AI + Food

Do you know what you’re having for dinner tonight? Do you know where you’d like to go out to lunch for that birthday celebration coming up in February? How about what new and exciting menu item you might venture out on a limb to try at a restaurant next summer? I honestly can’t answer a single one of these questions and of course, that’s not really the point. What matters is that our hyper-personal flavor preferences are changing at a rapid rate and food manufacturers could benefit from understanding not just what they are today, but to have some indicators of what they might be in the future. That is just one of many – slightly unexpected – ways that artificial intelligence (AI) may come into play in the industry.

WHAT’S HAPPENING

We recently heard from Jason Cohen, the founder of Gastrograph AI, about how artificial intelligence can not only uncover, but also predict consumer preferences when it comes to flavor, aroma, and texture.1 An AI platform driven by consumer data, it analyzes individual’s sensitivities and biases to different flavors and informs how those flavors may need to be tweaked based on age, ethnicity and gender of a target audience.

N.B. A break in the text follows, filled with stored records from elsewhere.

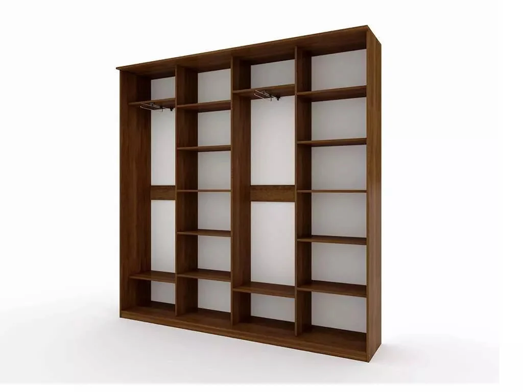Шкаф оборудован 4-я глухими дверцами, состоит из 4-х секций, в 2-х из которых по 6 полок, а в 2-х других по 2 полки и одной вешалке для плечиков с одеждой.
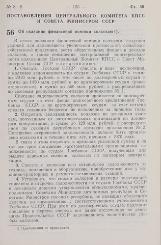 Постановление Центрального Комитета КПСС и Совета Министров СССР. Об оказании финансовой помощи колхозам. 1 апреля 1965 г. № 259
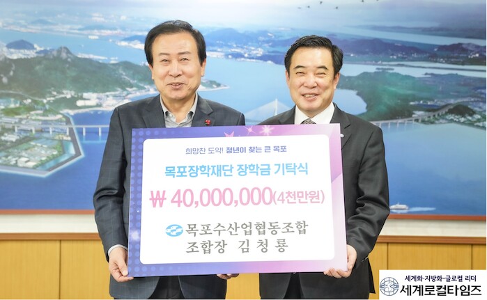 [세계로컬타임즈 김명진 기자] 목포수협이 지난 26일 재단법인 목포장학재단(이사장 박홍률 목포시장)에 장학기금 4천만원을 기탁했다.
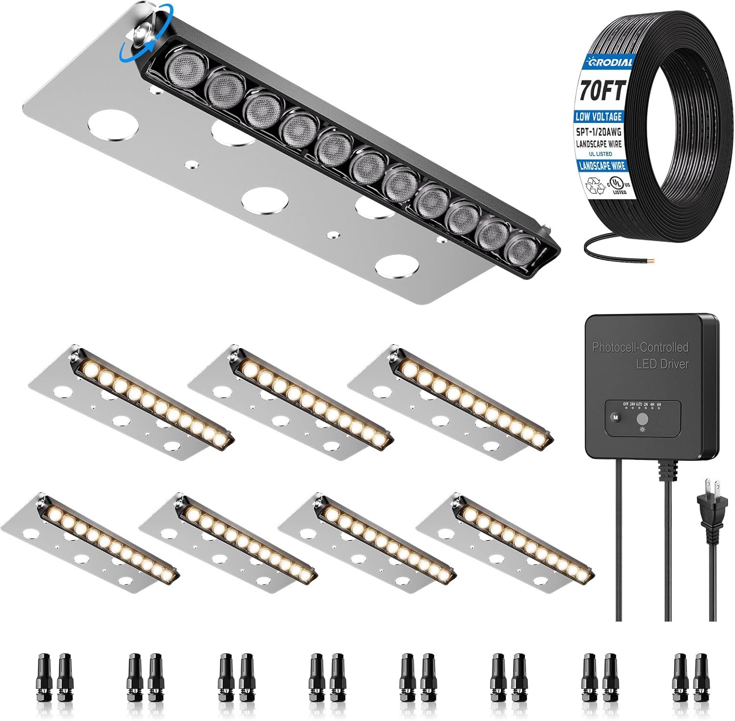 5W Low Voltage LED Landscape Lighting Kit, Outdoor Wall Step Deck Lights, Hardscape Lighting, Retaining Wall Lights with Sensor Transformer, 8 Inch, Aluminum, 12-24V AC/DC, IP68, 2700K, 8 Pack
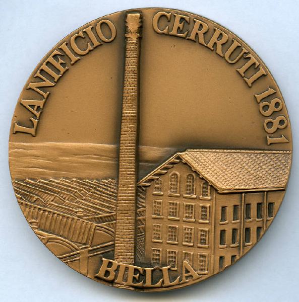 Centenario fondazione Lanificio Cerruti. Stabilimento con ciminiera; marchio
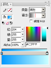 (4)在【颜色】面板中设置矩形的笔触颜色为“无”,填充颜色的类型为“线性”,从左至右第1个色块颜色为“#0099FF”,第2个色块颜色为“#CCFFFF”,如图所示。
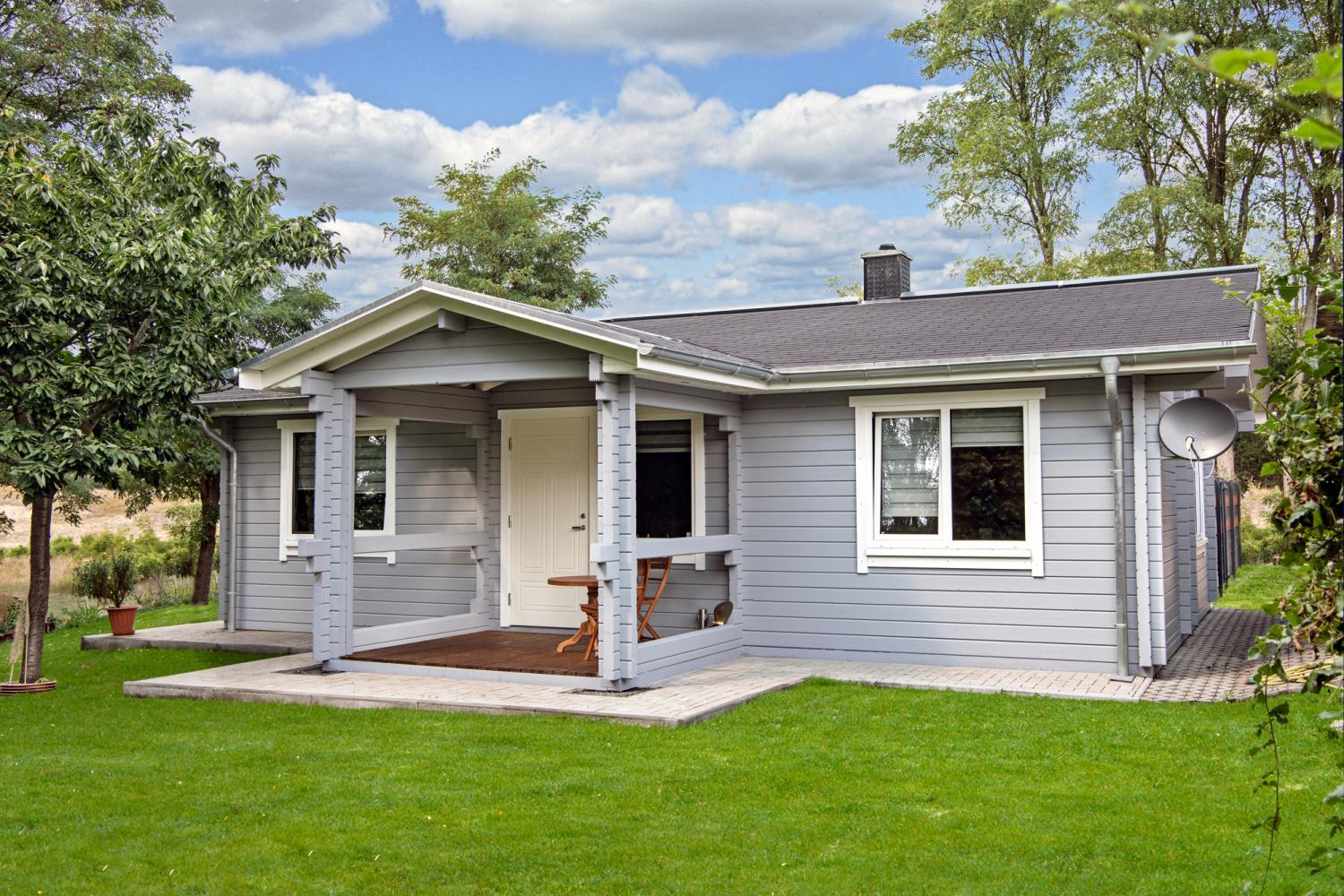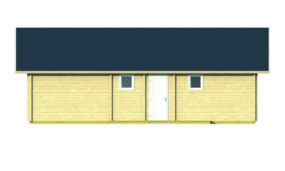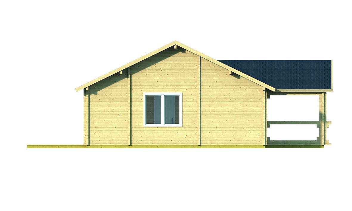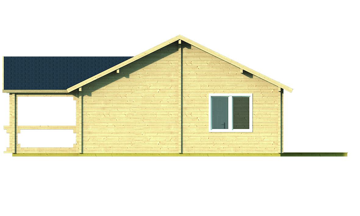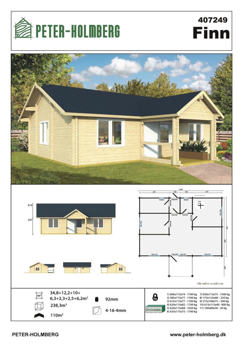 Sommerhus/hytte FINN i 92 mm fuldtømmer. 1040 x 760 + 238 cm. 74,3 m² totalareal, isoleringsglas, dobbelt tag, PVC eller trævinduer og -døre.(Standard Træ) Eksklusiv kvalitet til helårsbrug eller fritid. Pris.Stk.Fra
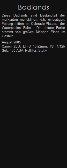 Diese Badlands sind Bestandteil der markanten monoklinen, d.h. einseitigen, Faltung mitten im Colorado-Plateau, der Waterpocket Falte. Die tiefrote Farbe stammt von großen Mengen Eisen im Gestein.
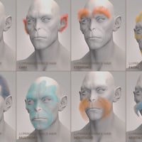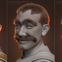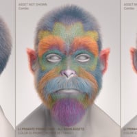 Here's what you'll find inside: individual components like beard, brows, ears, goatee, and more. And because I love giving you even more creative control, I've included a special bonus: LI Primate Prince Hair - Combo. This single mesh blends some of the assets into one refined, unified piece. While it doesn't work with the hierarchical materials, it's perfect as a foundation for adding and integrating the other assets. The Omni-surface Shader builder presets will help you refine its look.
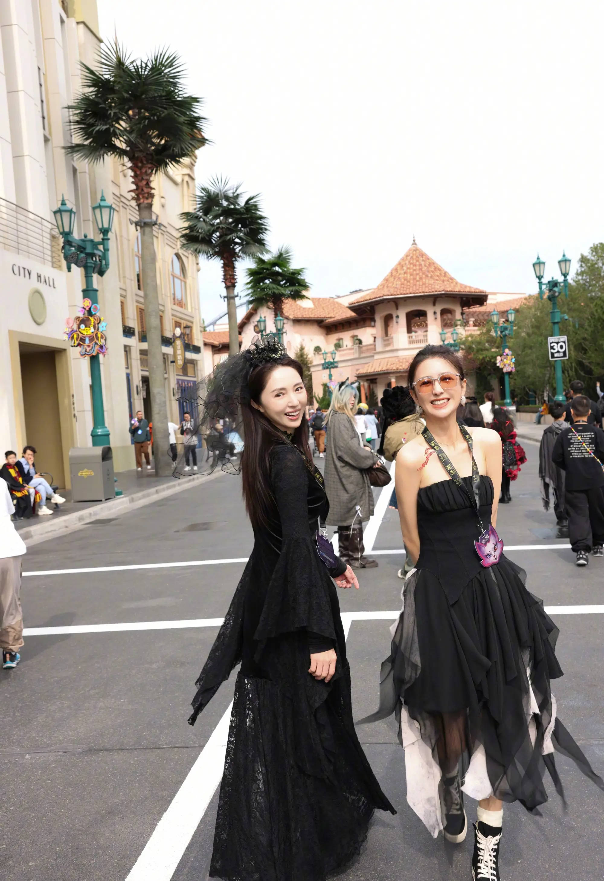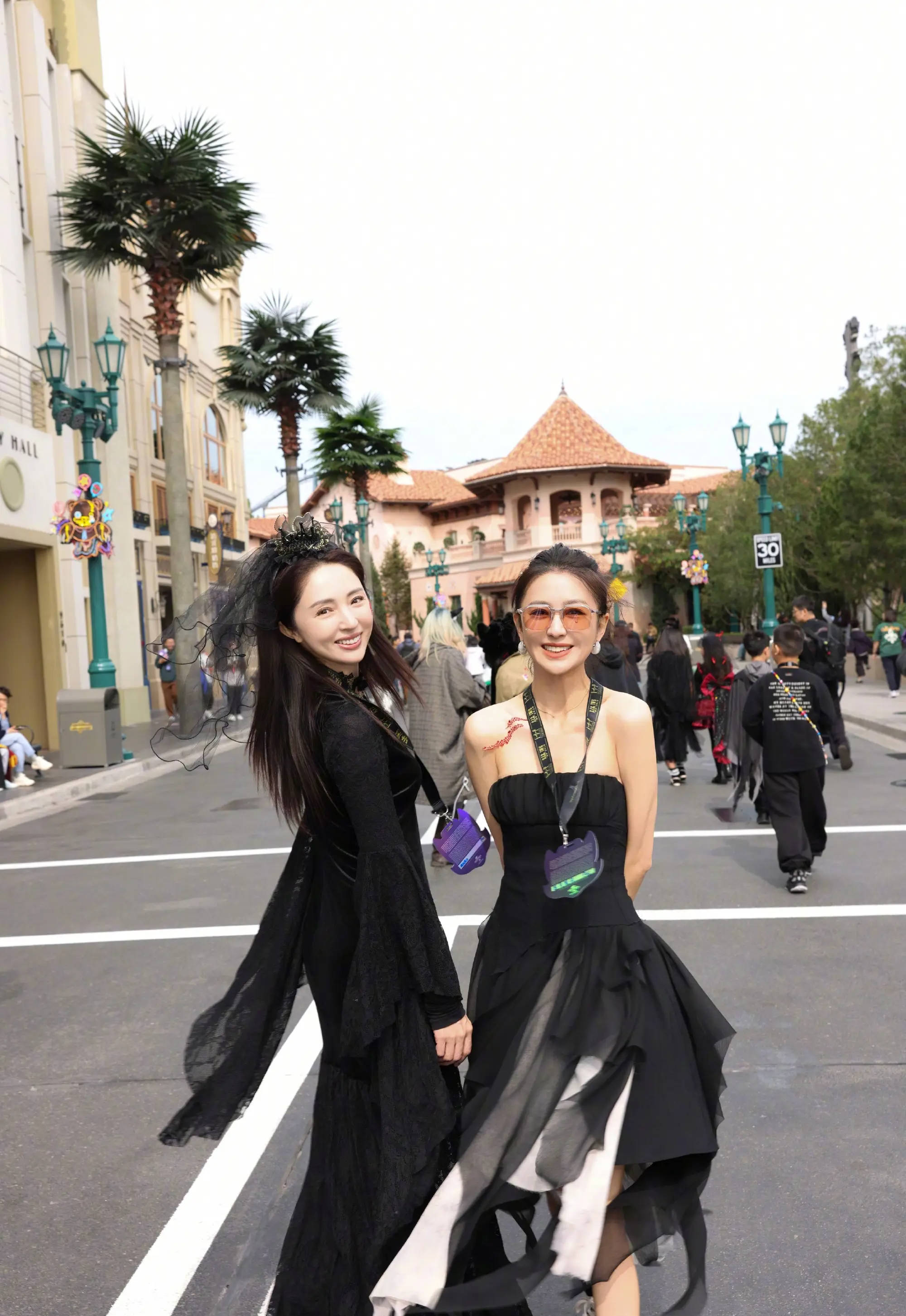 董璇与好姐妹佟丽娅一起在环球影城里拍美照,状态超好。
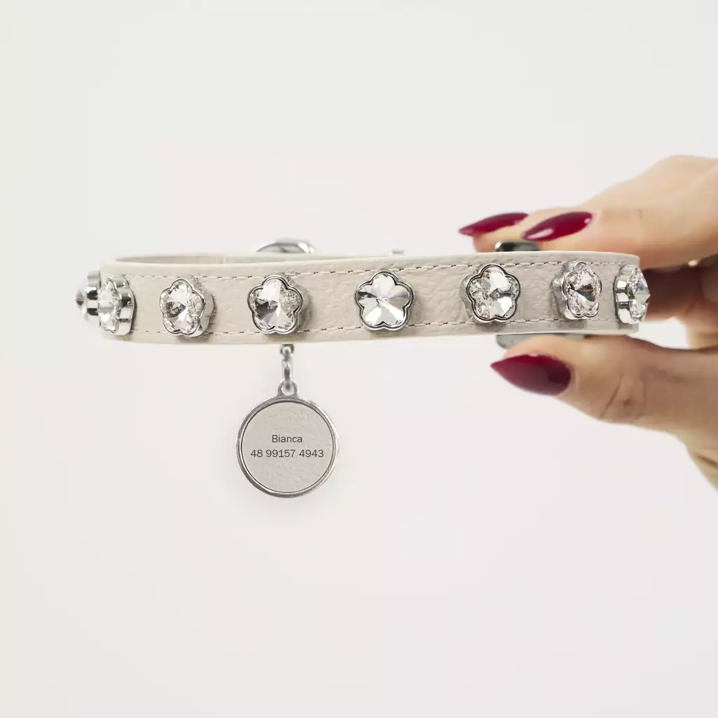 Elyse - Personalized Leather Collar - Off White with Crystal Stones
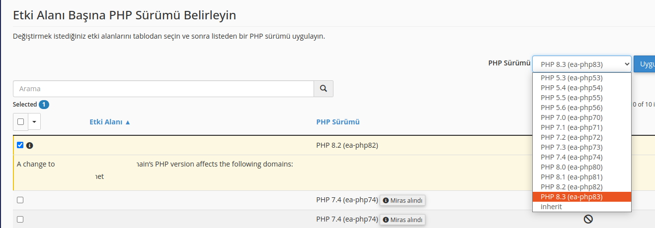 cPanel'de bulunan multiPHP Yöneticisi sayfasında sağ alanda bulunan listeden kullanılabilir olan PHP sürümlerini göreceksiniz. Genellikle en son sürümler ve eski stabil sürümler listelenir. İhtiyacınıza uygun olan sürümü seçin.
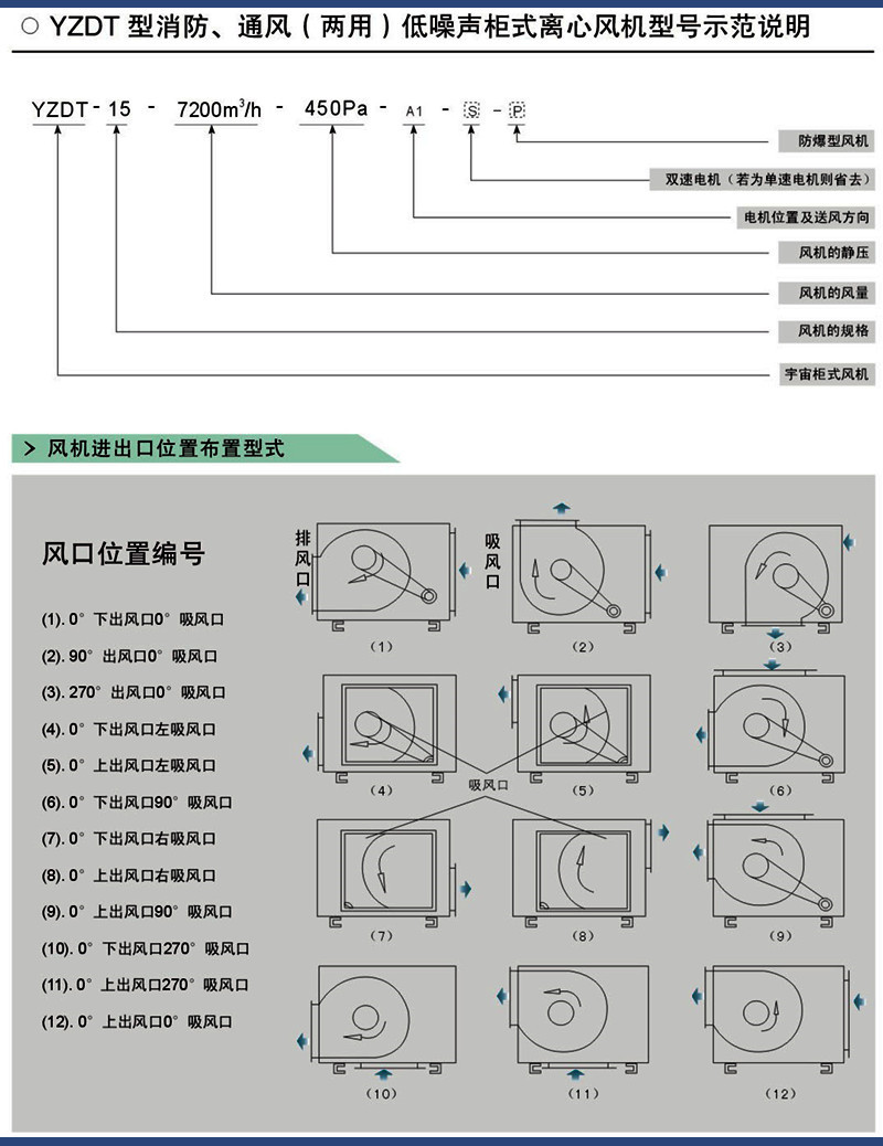 5、吸、出风口标准设计有十二种方向型式可供选择(详见风口位置编号),客户可根据不同的使用场合选取不同的吸、出风型式的风机。亦可按用户要求非标设计生产。
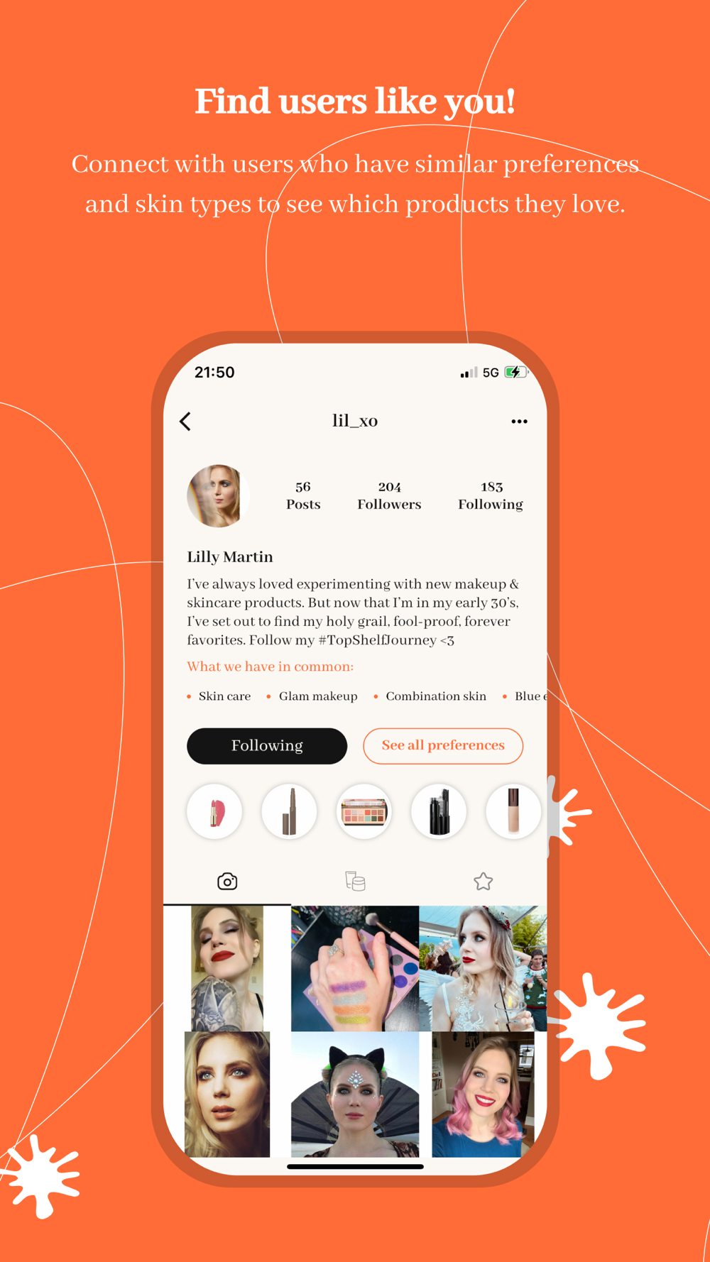 Add your preferences when you set up your account on Shelf-ish, and the app will recommend users with similar goals, skin conditions, or interests. What works for them might work for you, too! Interested in cruelty-free beauty products? Connect with other users with that interest and discover their favorite brands and items. Have sensitive skin? Check out the products that others use to keep their flare-ups to a minimum.
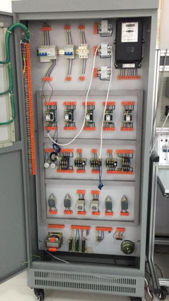 該裝置按標準電氣控制柜設計制造規格,充分利用雙面位置,柜內裝有完成各種照明電路所需的單相電度表、日光燈、單聯開關、插座、感應開關、漏電開關等,以及電氣控制所需要的多種低壓電器,如漏電斷路器、熔斷器、電流互感器、交流接觸器、時間繼電器、熱繼電器、中間繼電器、行程開關、按鈕、信號燈、轉換開關、電壓表、電流表、功率表及電度表等,為了延長電器使用壽命,各電器的接點都與接線端子相連,再由接線端子與被控制電氣連接。

AI is making its way into the food industry in a number of ways. While this industry is not always on the forefront when it comes to technology, the solutions coming forward address areas of tension like labor, supply chain, food safety, and food production.2

WHAT WE THINK

AI has the potential to aid manufacturers and retailers in not only understanding but predicting human behavior when it comes to their flavor preferences. Resources like Gastrograph AI could have real, immediate impact on business decisions like new product development and launch plans.1

The reality is that AI doesn’t take the human out of the equation, though. In fact, in ways, it puts more onus on decision-makers to effectively understand and use it to positively impact business.

WHAT’S NEXT

This is just the start. We know that consumers expect more from the food industry when it comes to transparency and personalization. Couple that with significant gaps when it comes to food management (both production and waste) and it’s clear why testing and adoption of these technologies is increasing. We’ll keep our finger on the pulse as success stories and learnings come forward.

[1] “52 Things We Learned & Experienced at Foodscape 2.” Datassential. Datassential: Issue 57. September 2018.
[2] “6 Examples of Artificial Intelligence in the Food Industry.” Garver, Krista. Food Industry Executive. April 2018.